Any person who is 17 years of age or older shall be eligible to donate blood without the necessity of obtaining parental permission or authorization.



(Acts 1984, 1st Ex. Sess., No. 84-763, p. 134.)Section 26-1-4

Section 26-1-4
Department of Public Safety to provide criminal conviction information on applicants for positions involving child care and treatment; such information to be confidential; applicant to be denied status if has felony conviction; children may be removed from home.

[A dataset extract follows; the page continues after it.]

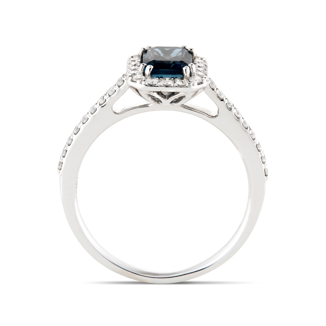 A brand-new, unused ring crafted in 18ct white gold, this certified cluster design showcases a 1.18ct octagonal step-cut natural blue topaz at its centre. Its rich blue tone is elegantly framed by a halo of brilliant-cut natural diamonds, with further diamonds set along the shoulders for added radiance and refinement. Together, the gemstones create a balanced composition of bold colour and sparkling brilliance, while the cool lustre of white gold enhances their vibrancy. The diamonds, totalling 0.39ct, are graded F–G in colour and SI1–SI2 in clarity, ensuring excellent light performance and eye-catching fire.

(a) Notwithstanding any other provisions of law to the contrary, upon request to the Department of Public Safety, by the Department of Human Resources, or by any other youth service agency approved by the department, such center shall provide information to the department or an approved agency concerning the felony criminal conviction record in this or another state of an applicant for a paid or voluntary position, including one established by contract, whose primary duty is the care or treatment of children, including applicants for adoption or foster parents. All information, including any criminal conviction record, procured by the department or an approved agency shall be confidential and shall not be further disclosed by such agencies or their representatives. The applicant may be denied an adoptive or foster parent status if he or she has a felony conviction, and if a foster parent is subsequently convicted of a felony the child or children may be removed from that home and relocated with another foster parent. This determination shall be made by the court handling the matter, giving primary consideration to the best interests of the child.

(b) The Department of Public Safety shall provide appropriate forms and shall create a procedure for the application for such information.

(c) Any violation of the provisions of this section relative to the confidentiality of information received by the department or other approved agency shall be punishable by a fine of not more than $1,000.00.



(Acts 1985, No. 85-537, p. 651.)Section 26-1-5

Section 26-1-5
Age of majority for purposes of contracting for college level education and above.

Notwithstanding any other law to the contrary, the age of majority for the purposes of contracting for educational loans for college level education and above, within the State of Alabama, shall be 17 years of age.